Bar Chart and Pie Chart
Bar Chart: Provides a clear visual for the frequency of each category, helping to comprehend the most common occurrences.
Pie Chart: Highlights the proportions of frequencies relative to the total dataset.
Cross Table
Analyzes the interaction between two categorical variables for deeper insights, making it easier to see relationships between them.
Analyzing Time-Series Data
Utilizes Line Charts (Time-Series Plots), enabling visual comprehension of data points tracked over different time intervals. These plots reveal trends, cycles, and variations that can indicate changes over time.
Analyzing Quantitative Variables
Quantitative data analysis can be accomplished through:
Histograms: Visual representations that display distributions, showing counts along the y-axis and intervals on the x-axis.
Frequency Distributions - Key Considerations
When determining frequencies for numerical analysis, consider:
The necessary number of intervals (k) to categorize the data.
Setting a suitable interval width (w) that fits the data’s natural distribution.

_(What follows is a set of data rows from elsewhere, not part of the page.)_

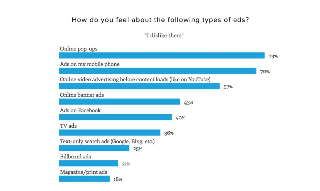 To maximize ads, some publishers do research and dig into consumer preferences. After reading the HubSpot research on different ad types, it’s easy to understand that pop-up or banner ads don’t work well for modern customers.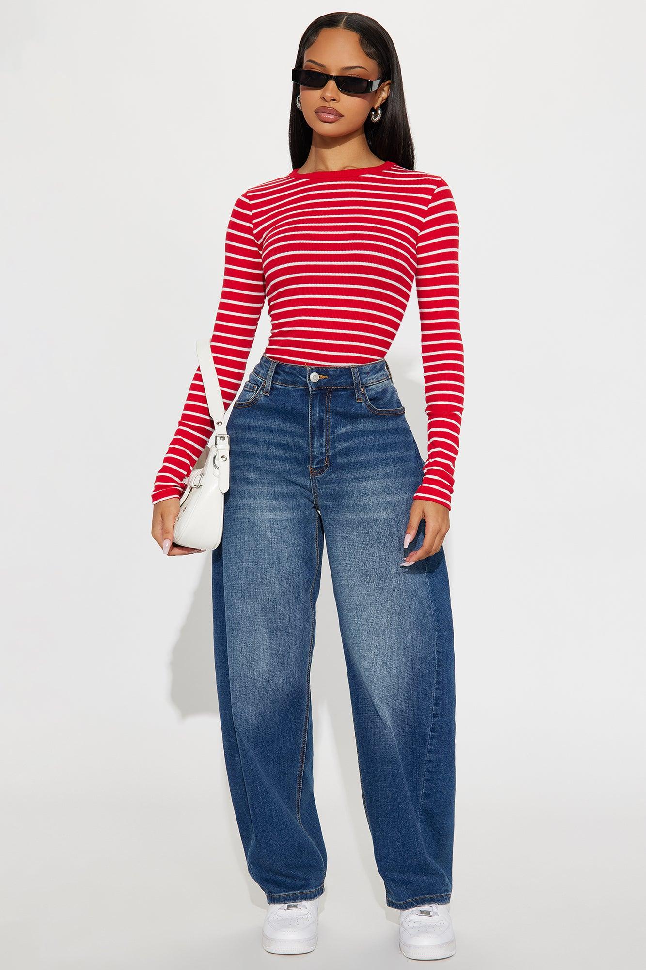 Lana Striped Crew Neck Long Sleeve Top - Red/combo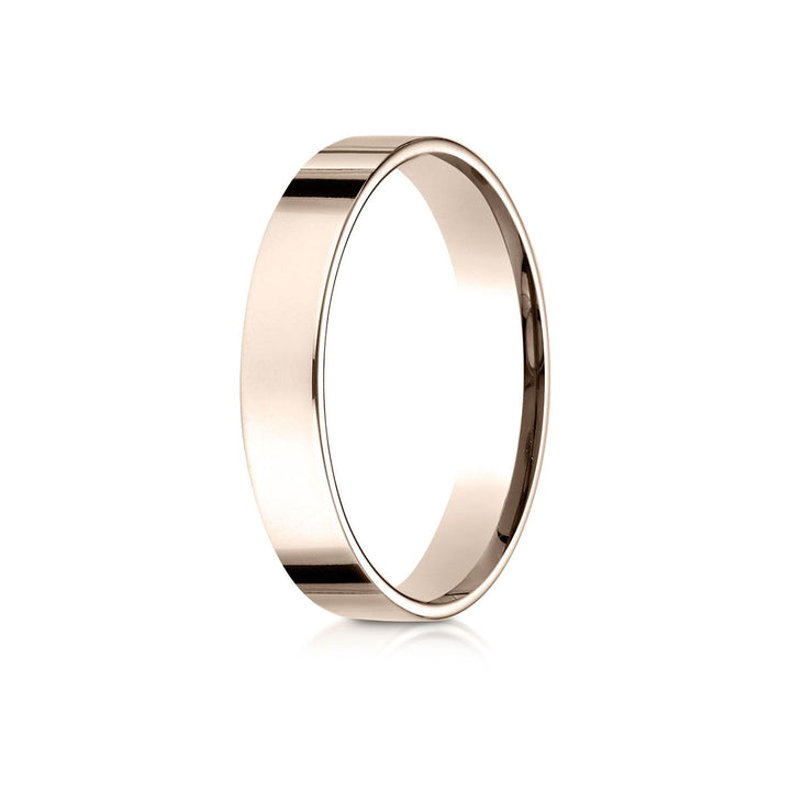 This Beautiful 14 Karat Rose Gold 4mm Band Features A Flat Surface For A More Modern Look. It Also Features A Comfort-fit On The Inside For Unforgettable Comfort.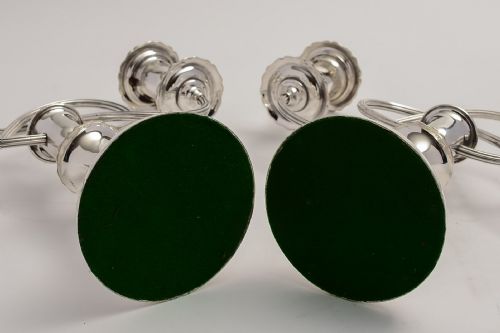 A pair of elegant Victorian candelabra with attractive bow shaped connecting arms. Circa 1880. Height 10 Base circumference 4 1/2 and from sconce to sconce is 12. They are in immaculate condition and would grace any fine table.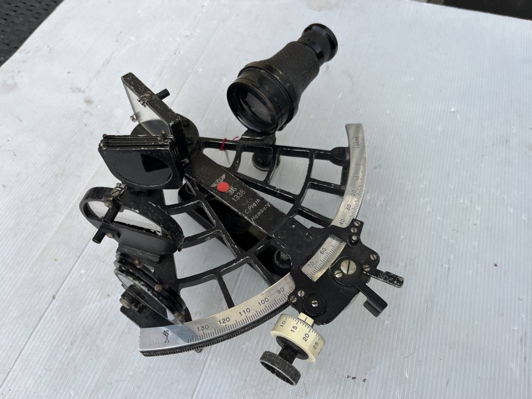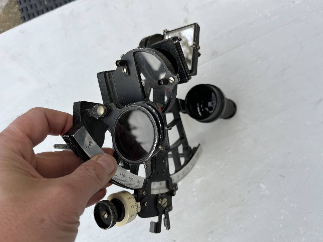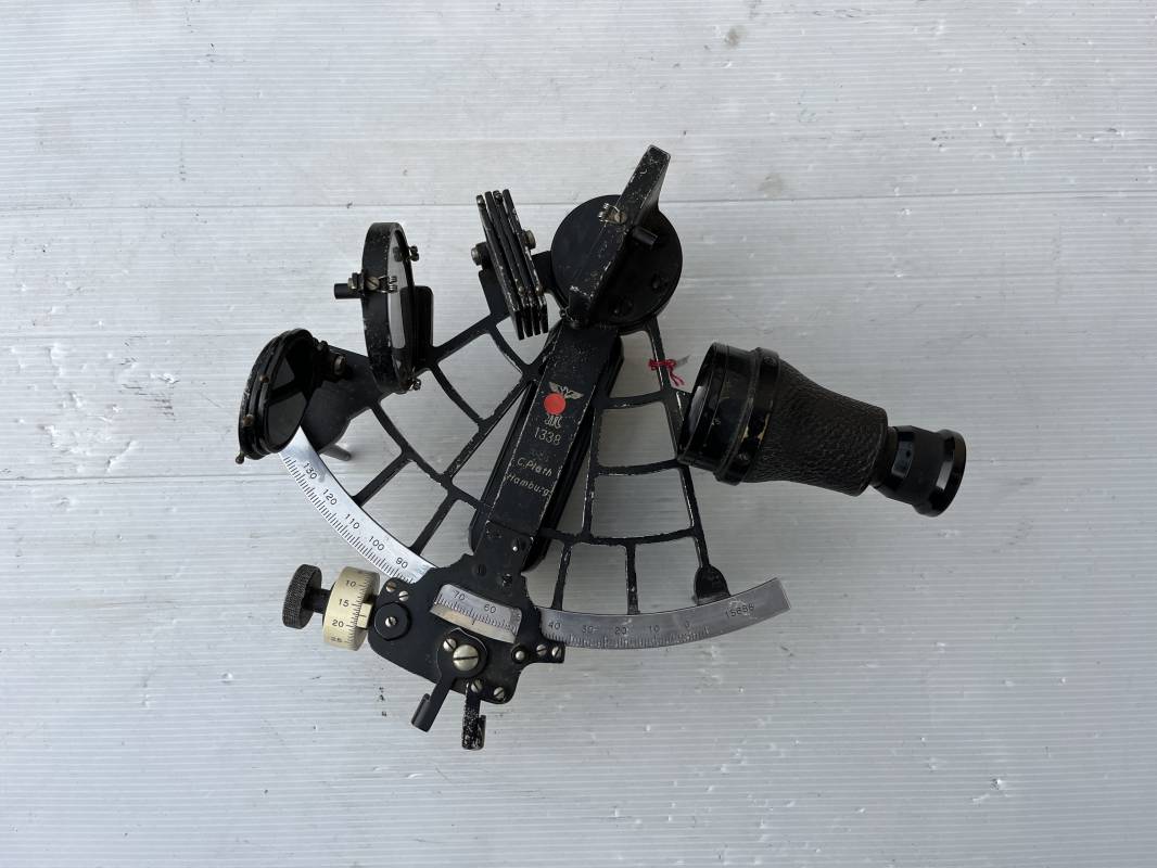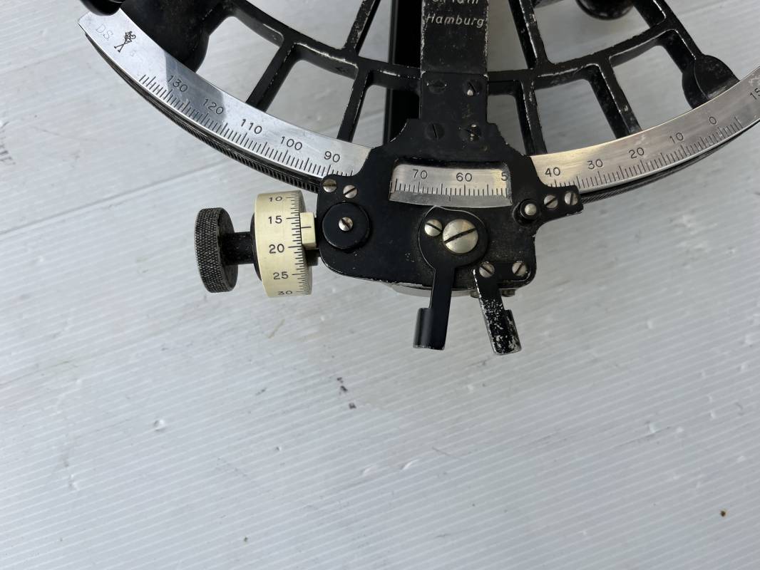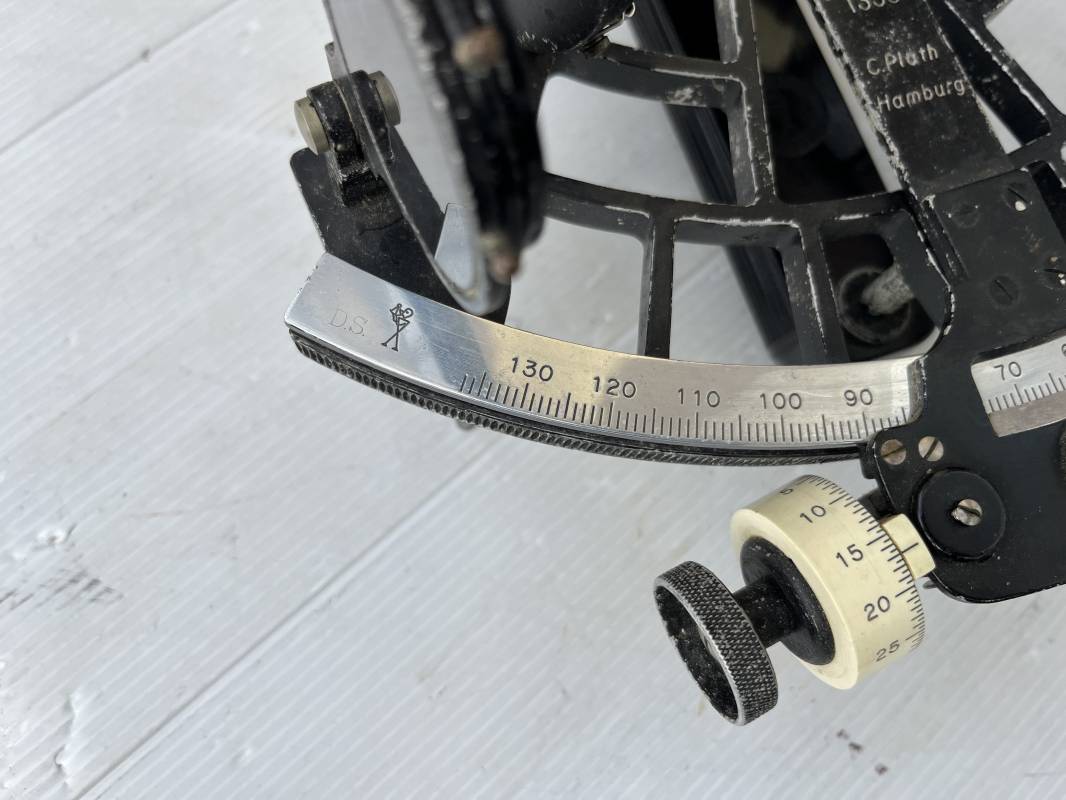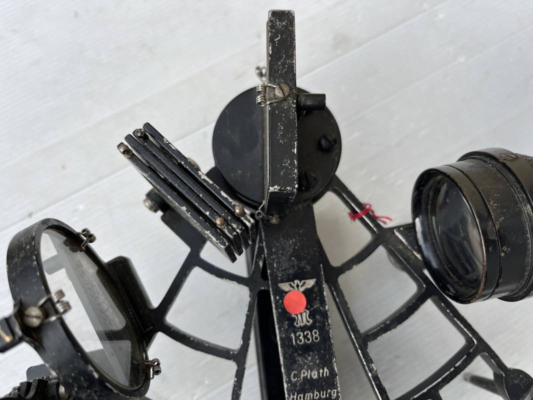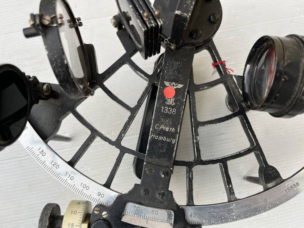 Rare sextant de la Kriegsmarine . Marquage fabricant C.Plath Hamburg . Numero matricule . Réceptionné avec aigle de la KM . Sextant en métall , peinture noire d origine . Optique et miroirs . Poignée de maintient en plastique noir . Bon instrument de navigation en bon état . Peu courant 1935/45 Ref 21137

Ensuring intervals are inclusive and non-overlapping to maintain analytical integrity.
Example of Salary Frequency Distribution: Displays categories based on predetermined intervals and their corresponding frequency counts, allowing for insight into the distribution of income.
Histogram
A graphical representation portraying frequency distributions where intervals are on the x-axis and corresponding frequency counts are on the y-axis. The shape of the histogram provides insight into data distribution characteristics.
For histograms:
w = (Largest Observation - Smallest Obsrvation)/k, where k is the number of intervals. w is the width of each interval, which helps to determine how the data is grouped and visualized in the histogram.
Make sure the intervals are inclusive and non-overlapping to accurately represent the frequency of observations within each range, ensuring that each data point is accounted for without duplication.
Ensure that you understand cumulative frequency and relative cumulative frequency.
Distribution Shapes
Analyzing the shape of a distribution in a histogram can reveal:
Symmetric Distribution: Reflects a balanced dataset.
Skewed Right Distribution: Shows a longer tail on the right side, indicating more lower values.
Skewed Left Distribution: Indicates a longer tail on the left side, showing that there are a few lower values affecting the average. (i.e there are more higher values)
Scatter Plot
This is used to analyze the relationship between two numerical variables. For instance, examining Income vs. Years of Education may uncover correlations between educational attainment and income levels.
Software for Analysis
Utilize tools like Excel or CALC for creating charts and conducting comprehensive data analysis. However, employ caution, as visual representations can mislead; always reference guidelines on interpreting graphs accurately.
Suggested Readings and Exercises
Read Chapter 2, Sections 2.1, 2.2, 2.3 in the textbook for detailed understanding.
Suggested exercises include Section 2.2, Questions 12 and 20, providing practical applications of the concepts discussed.